Tom Clement Reverse Engineers Neweer's Wireless Light Controls to Ease Rapid Setup
From sniffing for radio traffic to attempting to dump the ROM, Clement outlines an exhaustive — and ultimately successful — process.
Developer Tom Clement has written up a project to reverse engineer the remote control of a popular photography and videography light — in order to speed up the setup process.
"Neewer makes decent light panels for photography, video, and streaming. Their flagship high-CRI [Color Rendering Index] temperature-adjustable NL660-2.4 panels are around half the price of an Elgato Key Light, and come with a wireless remote to control them," Clement explains. "The remote is also nice, but has one major pitfall: it doesn’t have a button to turn on the lights with their previous brightness setting. As I use my two panels at different angles and distances to my face, they each have their own ideal brightness."
The solution, then: Automating the setup process. To do this, though, Clement had to reverse engineer the 2.4GHz wireless remote that came with the lights — starting by finding standards testing documentation, which offer details about the precise frequency and modulation standard used.
The next step will be familiar to anyone who has attempted a similar project: Dismantling the remote to uncover an STMicro STM8 microcontroller and an SI24R1 radio — "a clone," Clement notes, "of the widely-used Nordic nRF24L01."
Clement tried scanning the radio spectrum for traffic without success, and turned to dumping the contents of the STM8 microcontroller — aided by the presence of an unpopulated SWIM-protocol debug header on the remote board. The protection fuse was set, however, and Clement was not eager to bypass it.

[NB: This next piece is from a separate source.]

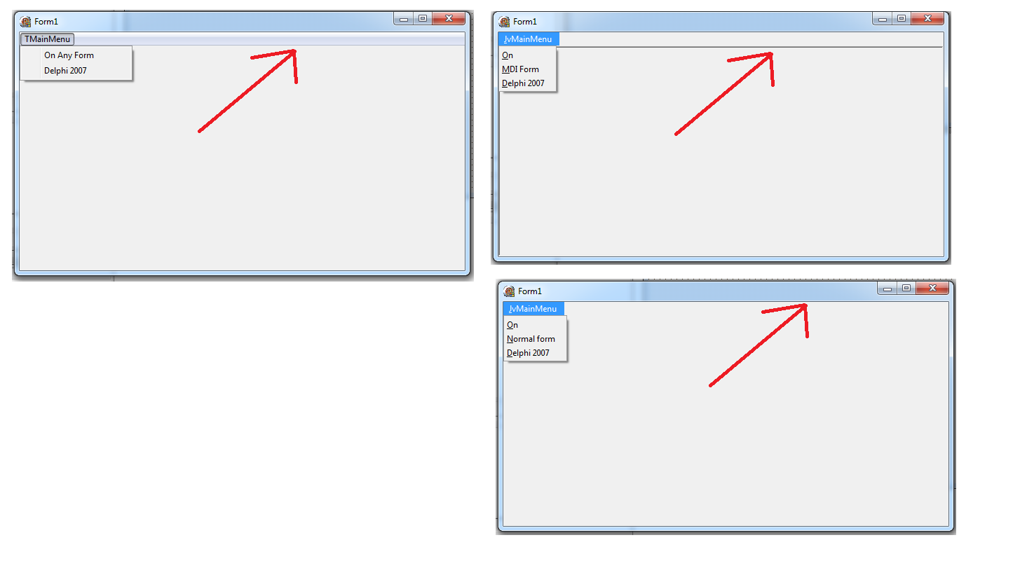 | Description | Can“t make the JvMainMenu look like the native TMainMenu Style On Delphi 2007. If the FormStyle = fsNormal, the JvMainMenu appears to be part of form. If the FormStyle = fsMDI, the JvMainMenu appears like a flat bar. I remember using previous versions of the component and being able to use the JvMainMenu with the Delphi 2007 native TMainMenu Style. Tried on a fresh delphi installation and the problem continues. There is a picture attached to illustrate. | ||||

What next? Snooping the SPI bus. "Since all we want is to know the initialization details of the SI24R1 and the packet protocol," Clement writes, "dumping or changing the STM8 firmware is not really important. Instead, we can also simply listen in on the SPI bus that the STM8 uses to initialise the SI24R1 and send packet data."
That process proved a success, aided by the fact the remote retransmits the radio configuration details to the chip — and a few experimental button presses uncovered the most important parts of Neewer's remote control protocol. "I ordered a nifty Arduino Nano-compatible board with an NRF24L01 integrated on it (RFNano)," Clement writes, "and modified an example of the NRF24 library that cycles through Neewer brightness commands. After flashing, we’re greeted with a dimming room."
Full details on the project are available on Clement's blog, In The Name of Science, while the source code for the project has been uploaded to GitHub as a gist.